Ночь с четверга на пятницу - Инна Тронина
Шрифт:
Интервал:
Закладка:
— А причём здесь Сибилла? — удивился Тураев.
— Я не утверждаю наверняка, ибо со свечой не стоял и источников в их среде не имею. Но она вполне может быть причастна к составлению этого досье и к переправке его на Запад. По Интернету такие вещи не пересылают, и электронную почту вскрыть — для того же Стефана раз плюнуть. Нужно передавать по старинке, с курьером, чтобы никаких адресов и зацепок — ничего в Сети не осталось. Информационная война требует боеприпасов, а этот — на уровне атомной бомбы средней величины. Если, конечно, грамотно с ним поработать… Не находишь странным, что этот самый Воронович отправился из Приморья на Филиппины, прихватил драгоценное досье — будто знал, что встретит там Лёву. Не на всякий же случай он с собой диск возил! И Лёва — осторожный, благоразумный, просчитывающий последствия надолго вперёд — вдруг схватил досье и повёз в Москву, подставив себя под ужасные неприятности! Да что себя — всю семью, маленьких дочерей! Так он мог поступить только по просьбе Сибиллы. Она, кстати, знала Вороновича лично. Мой племянник забывал о родителях, о близких, о себе самом, когда жена этого требовала. Я его буквально не узнавал! Лёва зверел, когда кто-то из нас осмеливался критиковать Сибиллу. Мы её имя старались без нужды лишний раз не произносить, чтобы Лёва не обвинял нас в намерении разлучить их. Сейчас он, конечно, заорал бы на меня.
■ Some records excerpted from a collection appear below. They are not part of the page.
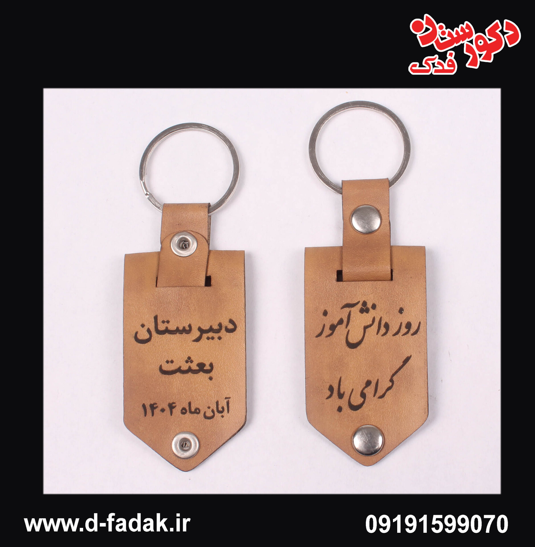 این جاسویچی چرمی هدیه روز دانش آموز دوطرفه می باشد و دو متن متفاوت روی آن حکاکی می شود.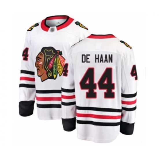 Men's Chicago Blackhawks #44 Calvin De Haan Authentic White Away Fanatics Branded Breakaway Hockey Jersey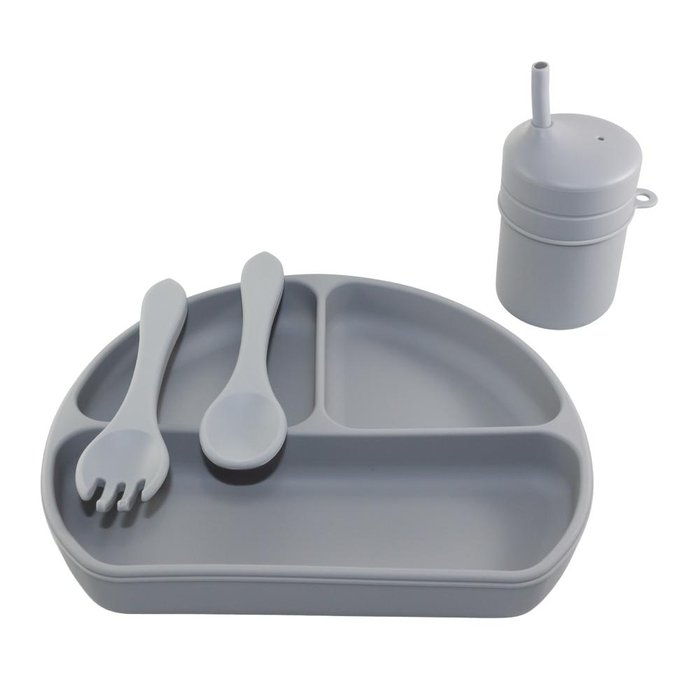 Kit Alimentação Bebe Prato Com Tampa Copo Garfo Colher Silicone BLW Cinza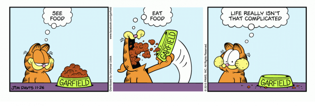 “음식을 보고, 먹어! 삶은 정말 복잡하지 않아!”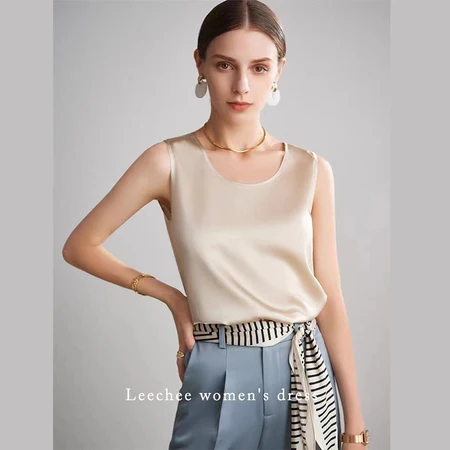 【春夏爆品】辑里湖丝女宽松桑蚕丝无袖背心真丝上衣·肤色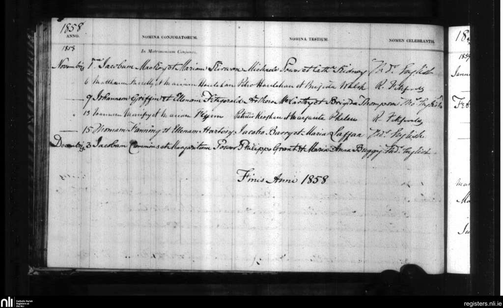 Holy Trinity, Waterford city; County of Waterford; Diocese of Waterford and Lismore. Marriages, Nov. 1858 to Dec. 1858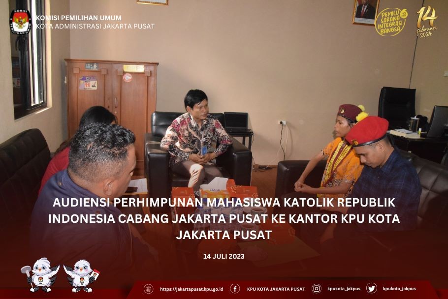Perhimpunan Mahasiswa Katolik Republik Indonesia (PMKRI) Cabang Jakarta Pusat melaksanakan audiensi dengan Ketua dan Anggota KPU Kota Jakarta Pusat dalam rangka mendorong peran aktif mahasiswa pada penyelenggaraan Pemilu dan Pemilihan Serentak tahun 2024, Jumat (14/07/2023).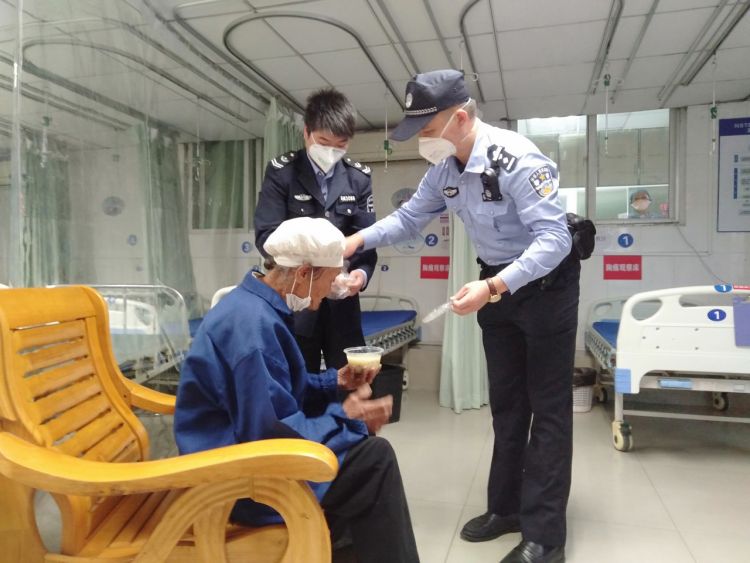 3月30日凌晨1時許,在醫(yī)務(wù)人員及民警的悉心照料下,老人漸漸蘇醒過來。石圍社區(qū)警長常軍給老人帶來了口罩和熱粥,一邊照顧老人喝粥,一邊輕聲地詢間老人的姓名、住址和親人信息等。但老人語言含糊不清、答非所問,說不清自己姓甚名誰,從哪里來、要到那里去,也無任何通訊工具。無奈,常警長只好安慰老人好好休息,并安排警力協(xié)同醫(yī)院值守警力對老人進(jìn)行輪流照看,防止其再次走失發(fā)生意外。

Мол, мастодонт, совок, параноик, которому повсюду мерещатся шпионы! И это немудрено, раз я сам — шпион. — Яков невесело рассмеялся. — Лёва обожал её до безумия, в любой момент был готов жизнь за неё отдать. И отдал, судя по всему! А она даже не проводила мужа в последний путь. И, представь себе, до сегодняшнего дня не обозначила своего присутствия — хоть в Африке, хоть ещё где. Так бывает, если в случае опасности агент залегает на дно. Никто не должен знать, где он. Значит, вести Сибиллу будет трудно, даже невозможно.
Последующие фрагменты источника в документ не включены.